False positive result
A false positive result is when a person does not have HIV but an HIV test shows that they do. Whenever someone receives a positive test result, they are tested again to confirm the result.
First-line treatment is the initial antiretroviral treatment recommended for HIV – it’s a combination of three or more antiretroviral drugs from two different drug classes.
HIV stands for Human Immunodeficiency Virus. It attacks a person’s immune system cells, and if left untreated severely damages their immune system and their ability to fight off infections.
There is no cure for HIV, although antiretroviral treatment can control the virus, meaning that people with HIV can live long and healthy lives.
There isn’t a vaccine for HIV though a number of HIV vaccine trials show encouraging results.
Internal condom (female condom)
An internal condom is a thin pouch that can be inserted into the vagina or anus before sex, forming a barrier to protect against sexually transmitted infections (STIs) including HIV, and unplanned pregnancy.
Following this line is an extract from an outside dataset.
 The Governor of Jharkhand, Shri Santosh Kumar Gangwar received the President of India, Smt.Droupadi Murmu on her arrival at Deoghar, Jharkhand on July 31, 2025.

m-health is defined by the World Health Organization as the use of mobile devices – such as mobile phones, patient monitoring devices, personal digital assistants and wireless devices – for medical and public health practice.3
A mixed-status couple is when one person has HIV and the other does not. It is also known as a serodiscordant couple, a discordant couple, or a serodifferent couple.
Post-exposure Prophylaxis (PEP)
PEP is short-term treatment that must be taken within 72 hours of possible exposure to HIV, for example, after unprotected sex. It stops HIV spreading throughout the body.
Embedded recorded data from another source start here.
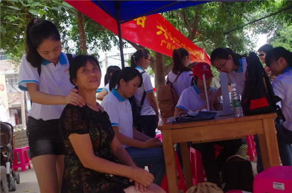 经过紧罗密布的筹备,我们的暑期社会实践顺利进行。当天上午10点到达南宁市友爱村,现场布置过后吸引了许多的当地老人、妇女和小孩。量血压和按摩方块最受欢迎,特别是当地的老人和妇女对我们的服务赞不绝口。整个实践活动最有趣的部分就数兔子舞表演,深受小朋友们的喜爱。下午人数逐渐减少,准备结束活动,队员们收拾好现场,进行合影留念。
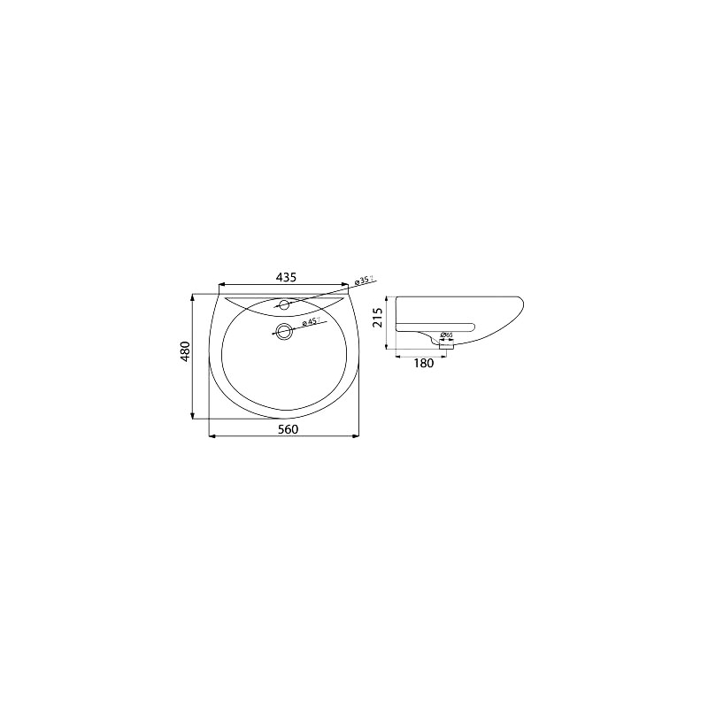 Раковина Оптима - умывальник Оптима второй величины с отверстием под смеситель и переливом.
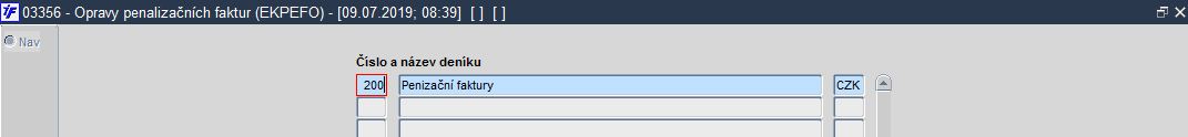 Obr. 03356/1 Opravy penalizačních faktur - spuštěno z funkce 03355 - Podklady pro penalizaci - výběr deníku pro penalizaci
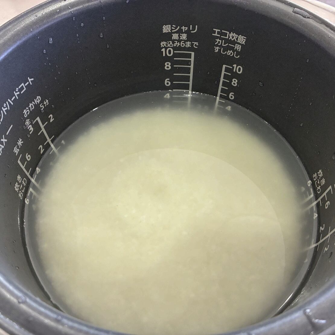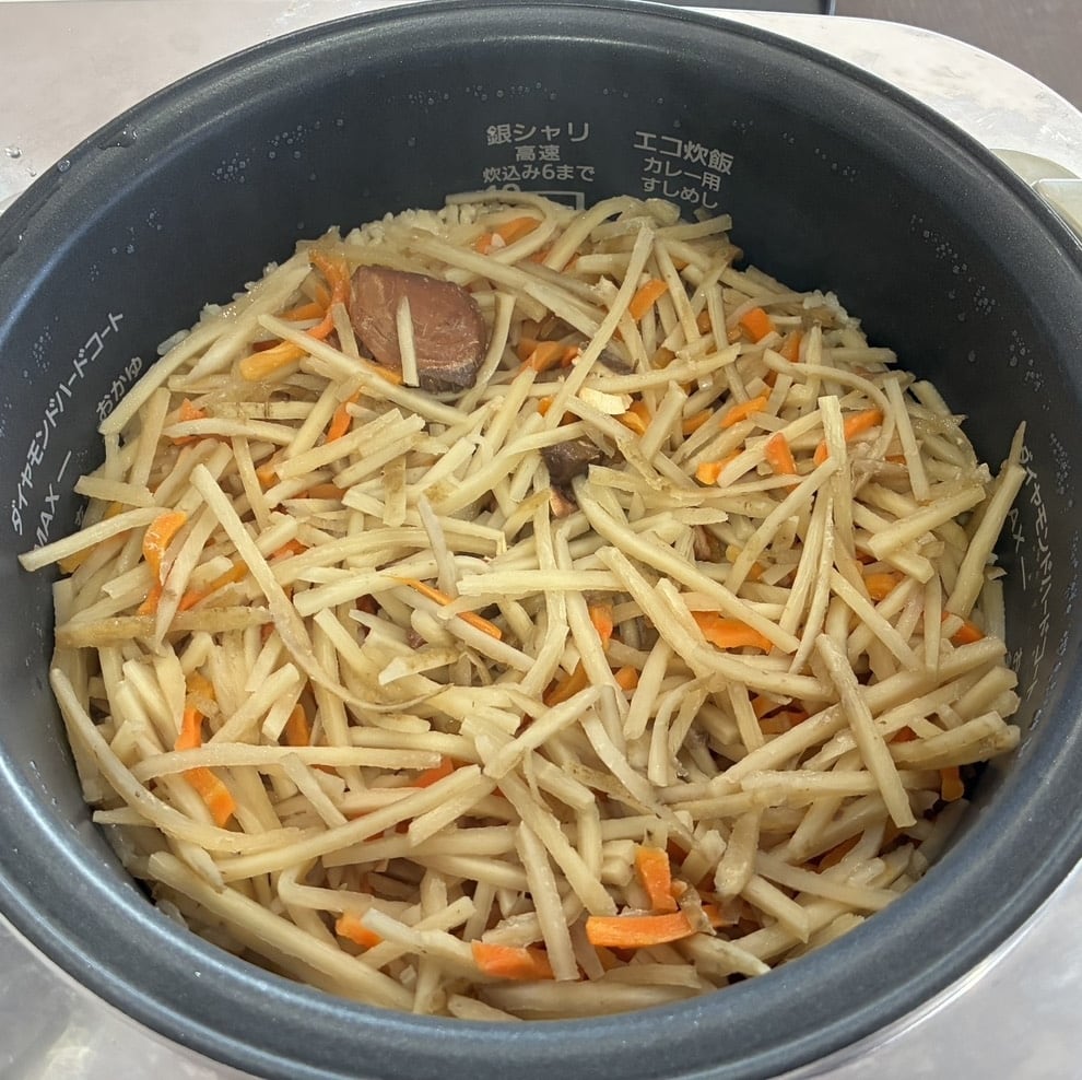 ① お米をとぐ ⇒ ② 2合分の水を入れる(お好みで水加減) ⇒ ③ 具材と『乾燥野菜』をのせる ⇒ ④ スイッチON!※炊飯状況(お米をとぐ→出来上がり)の参考画像は、5合用の量です。
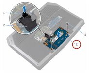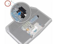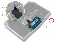 Lift the connector latch and disconnect the power-button board cable from the system board.
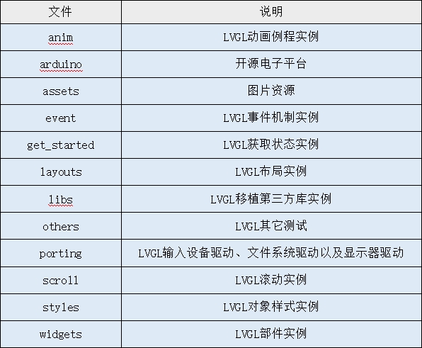 该文件夹主要包含LVGL部件实例、动画实例、其它第三方库实例以及输入设备和显示器驱动文件等内容,具体如表 1.1.2所示:
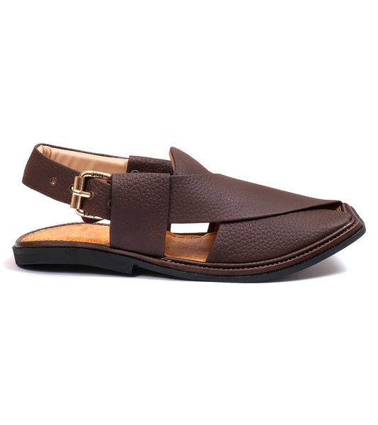 Handcrafted brown leather Charsadda shoes with soft inner soles for comfort. Durable, lightweight, and stylish, these shoes add a refined touch to traditional dressing.- Rs.2,750
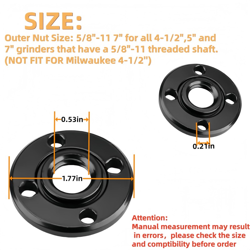 - Outer Nut Size: 5/8"-11 7" for all 4-1/2",5" and 7" grinders that have a 5/8"-11 threaded shaft. (NOT FIT FOR Milwaukee 4-1/2'')

Pre-exposure Prophylaxis (PrEP)
PrEP is a daily course of antiretroviral drugs that can prevent HIV infection. It’s for men and women who do not have HIV but who may be at higher risk of HIV infection because they have an HIV-positive partner, or are unable to negotiate condom use, or are having repeated sex without a condom. When PrEP is adhered to exactly as prescribed, it eliminates the risk of HIV infection. But if doses are missed then the risk of infection increases substantially.
Opportunistic infections are a type of infection that occur in people with a weakened immune system (for example people living with HIV).
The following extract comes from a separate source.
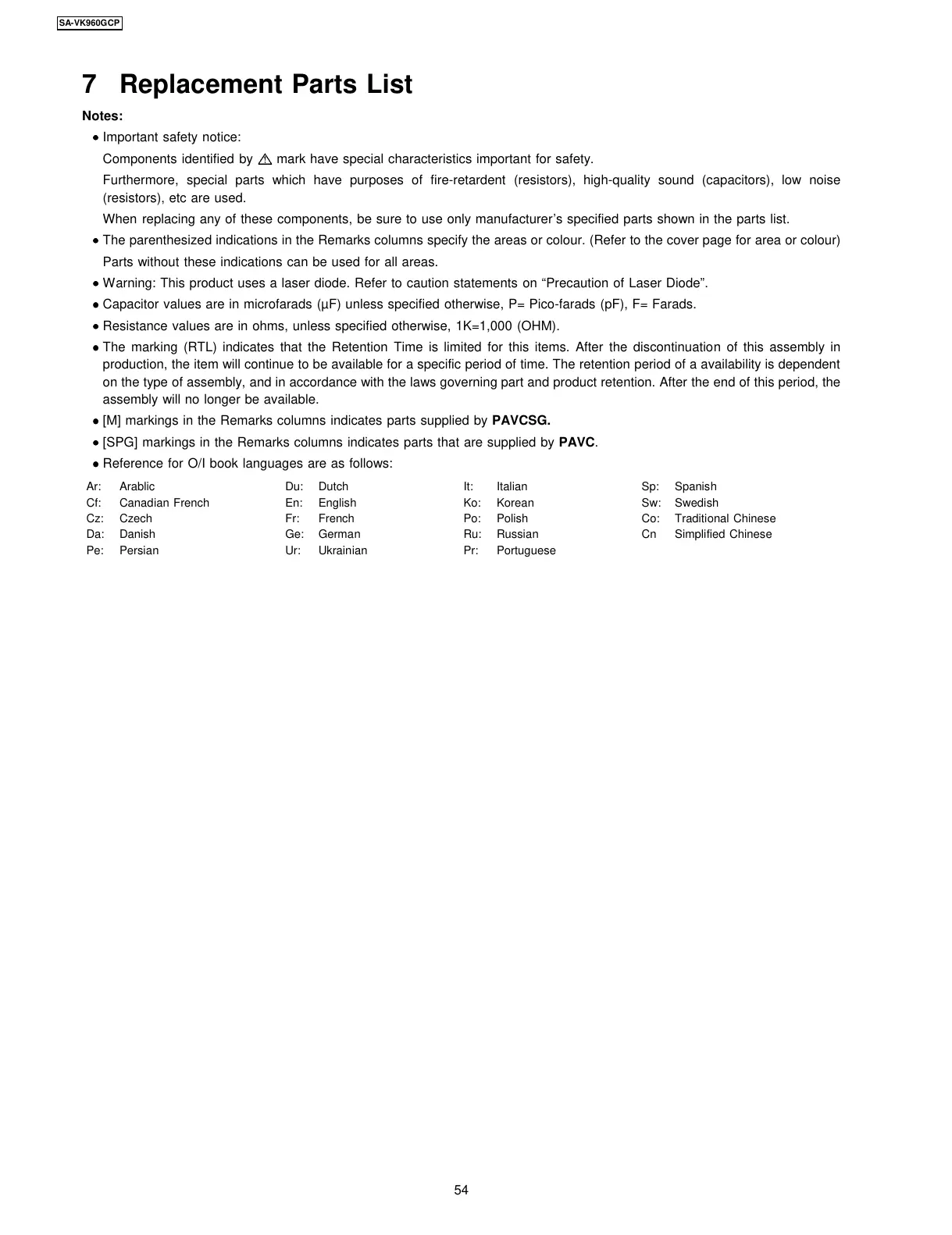 • [SPG] markings in the Remarks columns indicates parts that are supplied by PAVC.

When first-line antiretroviral drugs stop working, a person takes second-line treatment.
HIV self-testing offers the convenience of taking a test in the comfort of your own home or other private place. These kits are becoming more widely available and give a result in 15 to 20 minutes.
A syndemic or synergistic epidemic is the combination of two or more coexisting epidemics in a population, for example HIV and TB. Biological interactions between the coexisting epidemics make the prognosis and burden of disease worse.
Sexually transmitted infection (STI)
STIs are infections that are passed on during sexual contact. Examples include chlamydia, genital herpes, gonorrhoea, hepatitis C and trichomoniasis. HIV is also a sexually transmitted infection although there are other ways it can be passed on.
See CD4 count above.
When second-line drugs stop working, a person takes third-line treatment.
Undetectable / virally suppressed
A person living with HIV is considered to have an ‘undetectable’ viral load – or to be virally suppressed – when antiretroviral treatment has brought the level of virus in their body to such low levels that blood tests cannot detect it. As long as treatment is adhered to and a person’s viral load remains undetectable (as monitored by a health professional), they can’t pass HIV on to others through sex, and their health is not affected by the virus.
A person’s viral load is the amount of HIV virus in their blood. It is measured by a simple blood test. It indicates how well a person’s antiretroviral treatment is working.
The time between HIV infection and when the body produces enough HIV antibodies to be detected by an HIV test is called the window period. This is between 2 and 12 weeks depending on the type of test.